▶ _Supplied entries_
════════

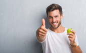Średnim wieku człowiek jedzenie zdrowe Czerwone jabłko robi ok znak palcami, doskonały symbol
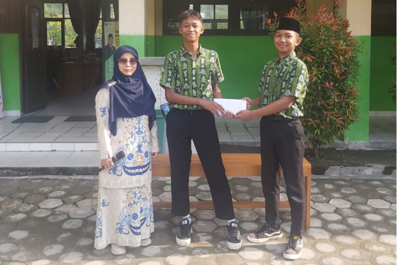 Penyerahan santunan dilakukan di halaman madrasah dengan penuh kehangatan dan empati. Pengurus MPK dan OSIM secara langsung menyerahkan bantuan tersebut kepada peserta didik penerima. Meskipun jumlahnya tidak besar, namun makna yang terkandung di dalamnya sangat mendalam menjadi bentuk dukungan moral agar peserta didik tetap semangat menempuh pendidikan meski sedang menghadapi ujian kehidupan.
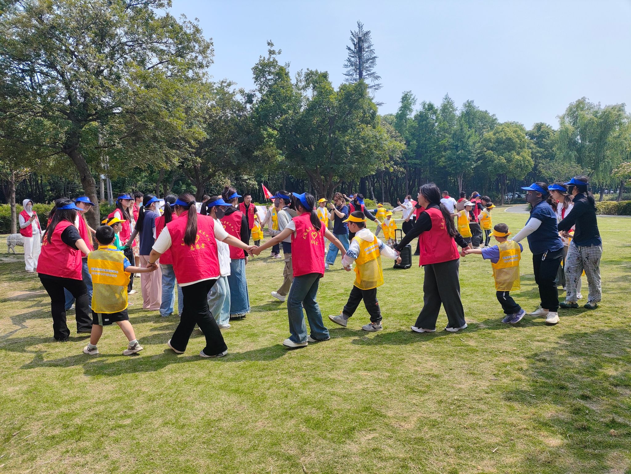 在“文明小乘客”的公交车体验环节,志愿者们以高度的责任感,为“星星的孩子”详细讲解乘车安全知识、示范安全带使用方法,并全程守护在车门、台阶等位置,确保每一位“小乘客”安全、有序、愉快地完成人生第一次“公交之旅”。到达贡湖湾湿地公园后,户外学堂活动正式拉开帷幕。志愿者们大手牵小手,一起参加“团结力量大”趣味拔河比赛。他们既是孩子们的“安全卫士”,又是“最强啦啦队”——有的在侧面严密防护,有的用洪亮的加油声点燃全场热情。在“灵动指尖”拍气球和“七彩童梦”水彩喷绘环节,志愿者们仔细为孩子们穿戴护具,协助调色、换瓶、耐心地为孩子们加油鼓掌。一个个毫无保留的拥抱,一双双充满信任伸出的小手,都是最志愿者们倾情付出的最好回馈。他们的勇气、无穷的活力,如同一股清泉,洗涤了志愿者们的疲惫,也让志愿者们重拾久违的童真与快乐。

════════

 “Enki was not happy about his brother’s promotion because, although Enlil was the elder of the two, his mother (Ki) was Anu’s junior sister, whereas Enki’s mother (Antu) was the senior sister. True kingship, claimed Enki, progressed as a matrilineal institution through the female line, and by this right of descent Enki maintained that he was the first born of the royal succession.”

════════

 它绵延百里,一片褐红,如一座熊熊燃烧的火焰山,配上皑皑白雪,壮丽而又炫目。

════════

▶ _Your assignment_
For this exercise, return exactly the lines above from the line with "Średnim wieku człowiek" through the line with "Penyerahan santunan dilakukan", both included. Do not copy the pictures.

▶ _Result of the task_
Średnim wieku człowiek jedzenie zdrowe Czerwone jabłko robi ok znak palcami, doskonały symbol
 Penyerahan santunan dilakukan di halaman madrasah dengan penuh kehangatan dan empati. Pengurus MPK dan OSIM secara langsung menyerahkan bantuan tersebut kepada peserta didik penerima. Meskipun jumlahnya tidak besar, namun makna yang terkandung di dalamnya sangat mendalam menjadi bentuk dukungan moral agar peserta didik tetap semangat menempuh pendidikan meski sedang menghadapi ujian kehidupan.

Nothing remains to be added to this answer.